Jeudi 9 novembre 2000

- Présidence de M. Adrien Gouteyron, président. -

PJLF pour 2001 - Audition de Mme Dominique Voynet, ministre de l'aménagement du territoire et de l'environnement

La commission a procédé à l'audition de Mme Dominique Voynet, ministre de l'aménagement du territoire et de l'environnement, sur les crédits de l'environnement dans le projet de loi de finances pour 2001.

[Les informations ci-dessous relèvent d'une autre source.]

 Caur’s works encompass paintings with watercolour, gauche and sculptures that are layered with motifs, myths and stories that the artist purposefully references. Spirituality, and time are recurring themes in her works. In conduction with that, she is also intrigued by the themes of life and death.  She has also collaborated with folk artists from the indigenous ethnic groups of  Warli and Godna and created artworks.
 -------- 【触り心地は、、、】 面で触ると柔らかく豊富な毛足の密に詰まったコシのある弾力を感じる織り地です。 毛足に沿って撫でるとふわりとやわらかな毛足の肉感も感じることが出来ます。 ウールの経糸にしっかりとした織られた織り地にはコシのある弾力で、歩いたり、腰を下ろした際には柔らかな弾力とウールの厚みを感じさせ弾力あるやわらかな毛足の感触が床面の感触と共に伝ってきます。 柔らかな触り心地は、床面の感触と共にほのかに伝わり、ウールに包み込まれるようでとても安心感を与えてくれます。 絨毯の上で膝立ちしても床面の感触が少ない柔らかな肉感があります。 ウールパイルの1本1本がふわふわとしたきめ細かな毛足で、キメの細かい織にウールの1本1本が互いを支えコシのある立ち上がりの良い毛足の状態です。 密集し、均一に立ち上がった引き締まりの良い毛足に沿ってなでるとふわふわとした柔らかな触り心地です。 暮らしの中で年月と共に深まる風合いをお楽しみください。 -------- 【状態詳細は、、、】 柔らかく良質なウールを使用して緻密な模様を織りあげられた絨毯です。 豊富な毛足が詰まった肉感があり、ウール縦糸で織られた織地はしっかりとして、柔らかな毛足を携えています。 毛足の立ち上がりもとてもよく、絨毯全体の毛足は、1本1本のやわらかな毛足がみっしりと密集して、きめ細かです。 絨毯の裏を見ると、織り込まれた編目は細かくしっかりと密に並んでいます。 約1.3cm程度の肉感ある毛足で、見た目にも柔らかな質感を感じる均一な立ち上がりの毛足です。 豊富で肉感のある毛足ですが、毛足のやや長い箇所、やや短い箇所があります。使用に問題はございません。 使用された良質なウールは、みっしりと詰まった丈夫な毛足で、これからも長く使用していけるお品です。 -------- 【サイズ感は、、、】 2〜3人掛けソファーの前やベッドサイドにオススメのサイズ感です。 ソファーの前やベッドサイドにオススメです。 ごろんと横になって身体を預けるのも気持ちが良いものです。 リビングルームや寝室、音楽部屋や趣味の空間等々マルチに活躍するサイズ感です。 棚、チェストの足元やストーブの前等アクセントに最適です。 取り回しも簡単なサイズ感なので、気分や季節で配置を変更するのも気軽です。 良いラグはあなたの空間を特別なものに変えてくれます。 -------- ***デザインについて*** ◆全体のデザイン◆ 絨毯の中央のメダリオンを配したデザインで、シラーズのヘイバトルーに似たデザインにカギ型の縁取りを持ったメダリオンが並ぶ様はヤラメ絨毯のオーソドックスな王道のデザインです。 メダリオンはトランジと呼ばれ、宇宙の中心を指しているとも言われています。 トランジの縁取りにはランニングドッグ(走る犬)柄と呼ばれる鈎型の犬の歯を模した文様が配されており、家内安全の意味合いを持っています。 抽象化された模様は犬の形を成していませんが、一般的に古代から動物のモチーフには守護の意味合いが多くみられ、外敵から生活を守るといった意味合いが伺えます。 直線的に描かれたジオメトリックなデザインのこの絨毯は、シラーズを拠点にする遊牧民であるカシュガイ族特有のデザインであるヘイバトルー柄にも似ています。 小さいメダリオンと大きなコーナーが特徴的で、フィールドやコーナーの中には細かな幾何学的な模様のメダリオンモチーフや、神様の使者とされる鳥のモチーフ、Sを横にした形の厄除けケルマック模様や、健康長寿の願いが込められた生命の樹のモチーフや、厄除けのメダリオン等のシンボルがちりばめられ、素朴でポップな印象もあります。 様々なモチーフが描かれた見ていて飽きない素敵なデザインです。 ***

Mme Dominique Voynet a indiqué que le projet de budget de l'environnement pour 2001 était en forte progression pour la quatrième année consécutive, permettant ainsi de consolider l'action entreprise sur les exercices précédents, et confortant la politique voulue par le Gouvernement dès 1998 dans le domaine de l'environnement. Il progressera de 9 % en crédits de paiement, et de 30 % en engagements, compte tenu, notamment, de l'extension des compétences du ministère en matière de protection et de sûreté nucléaire. Cette évolution témoigne de la priorité que le Gouvernement accorde à l'environnement, mais doit être relativisée au regard des sommes en jeu : le budget de l'environnement ne représente toujours que 0,26 % du budget de l'Etat.

La ministre a estimé que le transfert du financement de l'institut de protection et de sûreté nucléaire (IPSN) du ministère de l'industrie à celui de l'environnement en 2001, pour un montant de 1.334 millions de francs, marquait une réelle extension du champ d'action en matière de sûreté nucléaire de son ministère, qui exercera désormais une cotutelle sur l'institut.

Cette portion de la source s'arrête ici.